Preparation of fixed, sectioned material.

For histological analysis, nodules were excised and fixed in 50 mM potassium phosphate buffer (pH 7.4) containing 4% paraformaldehyde, 3% glutaraldehyde, and 4% sucrose. Samples were subjected to short pulses of gentle vacuuming until they sank, and after 3 h, they were rinsed in phosphate buffer. After fixation, the samples were rinsed three times with the same buffer, dehydrated by passage through a series of graded ethanol, and embedded in PolyBed 812 resin (Polyscience). Semithin sections (1 to 2 μm thick) were obtained with an Ultracut UCT apparatus (Leica); for optical observation, samples were stained with toluidine blue (0.04% in distilled water) and photographed with a Zeiss (Jena, Germany) Axiophot microscope equipped with a digital camera (Coolpix 995; Nikon).
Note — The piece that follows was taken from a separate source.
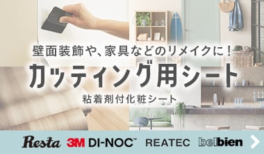 家具やドアのリメイク・壁面装飾など、様々な場所・用途で使われるカッティングシートの一般名称は「粘着剤付き化粧フィルム」といい、RESTAでは総称して「カッティング用シート」と呼んでいます。この他に、リメイクシート、化粧シートなどと呼ばれることもあります。

Nucleotide sequence accession numbers.

The nucleotide sequences obtained in this study have been submitted to GenBank under the accession numbers GQ249912, GQ249913, GQ249914 and GQ249915.

RESULTS

Isolation and characterization of GA1 derivatives GA11 and GA12 by Tn5 mutagenesis.

Random insertion mutagenesis of R. tropici GA1 was done by conjugal transfer of pSUP202-1::Tn5 using E. coli S17-1 as the donor (31). Transconjugants were selected on PY solid medium containing Nal, Gm, and Km. From a collection of ca. 1,000 Tn5-derived isolates, four mutant strains that were unable to grow on MM with succinate as a sole carbon source were identified. Two of them, strains GA11 and GA12, were able to grow on MM with glucose as the sole carbon source and were thus used for further characterization as perspective mutants of an alternative succinate transport system. Figure 1 shows the growth profiles for strains GA1 and GA11 and that of their derivatives carrying plasmid pTH24 (39) or pRTD1 (5) with dctABD genes from Sinorhizobium meliloti or R. tropici, respectively. GA12 and derivative strains exhibited the same growth profiles as GA11 and corresponding derivatives grown under the same conditions (data not shown). Transconjugants maintaining the rhizobial dct loci were able to grow on DCAs, suggesting that in strains GA11 and GA12, sequences required for DctA-independent succinate transport had been disrupted by the Tn5 insertions.

FIG. 1.

FIG. 1.

Growth of R. tropici strains on different carbon sources. Cells were grown in PY medium for 24 h, centrifuged, and suspended in MM supplemented with 10 mM NH4Cl and 20 mM of the indicated carbon substrate. Cultures were incubated in a rotary shaker at 30°C. ⧫, glucose; ▪, succinate; ○, fumarate; ▴, 2-oxoglutarate. O.D., optical density.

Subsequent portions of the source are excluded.